Attached is a patch for ActiveRecord::Batches which removes the restriction on not being able to specify :order, :offset, and :limit on batch iterations. The code is base on the code from the pseudo_cursors plugin which provides the same functionality (http://agilewebdevelopment.com/p...>

The :start option is removed since :limit and :offset are more normal for use with ActiveRecord and because it seemed a little confusing since it didn't behave like offset.

Allowing :order clauses is especially important since it lets you control the order records are processed. For instance, a long batch job might want to process the most recently updated records first since they may be the most active ones and give a greater appearance of freshness.

Comments and changes to this ticket

  • Brian Durand

    Brian Durand March 5th, 2009 @ 05:57 PM

    • Title changed from “Allow find_batches to use :order, :limit, and :offset” to “Allow find_in_batches to use :order, :limit, and :offset”

    Also allows iterating over records with non-integer primary keys

  • Ryan Angilly

    Ryan Angilly March 5th, 2009 @ 09:18 PM

    Seems a lot like this one:

    http://rails.lighthouseapp.com/p...

    Even with the order, offset, and limit stuff set up you still have the problem of 'missing' records that are being inserted while find_in_batches is doing it's thing.

    Not to sound like a jerk, but even though this sounds nice to have, I can't think of a place where I would need the batch done in a certain order.

  • Xavier Noria

    Xavier Noria March 5th, 2009 @ 09:55 PM

    Ryan, you could need to do some report, most recent first, ordered by surname, whatever.

    In my view this method should allow the user to do that. It is the user responsability to know whether it is safe, or to decide whether a missing record is a big deal.

    In addition, AR is a standalone ORM, you could even be certain that no other program is touching the database.

  • Ryan Angilly

    Ryan Angilly March 5th, 2009 @ 10:12 PM

    I guess when I think of batch processing I think of sending notifications and carrying out async processes. Things that inherently do not require ordering. If you're doing a report that requires ordering, sort the report when you're done.

    I really have an issue with the second line. find returns all records matching the query. find_in_batches shouldn't have different behavior.

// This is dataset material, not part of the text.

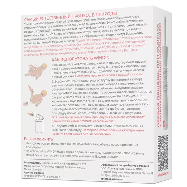 Газоотводную трубочку Windi необходимо применять в сочетании с массажем животика (см. руководство на упаковке), это поможет достичь максимального результата.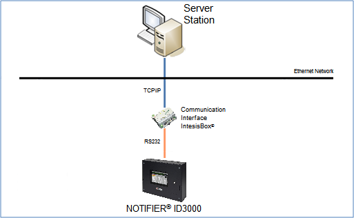 The ID3000 fire control panel can communicate with the management station over the Modbus TCP protocol via the IntesisBox communication interface, which works as a bridge between the Modbus over TCP\IP and the RS232 protocol used by the fire panel.

    I dont understand part three. You could be certain that no other program is touching the database, but with cronjobs and multi-mongrel setups it's pretty unlikely that would ever be the case.

  • Brian Durand

    Brian Durand March 5th, 2009 @ 11:29 PM

    Data cleanup or munging is an example where record order might make sense. You may need to process all records, but some records are more active than others. Some may be months old and no one cares when they are fixed. Allowing the order to be set means you can handle this case.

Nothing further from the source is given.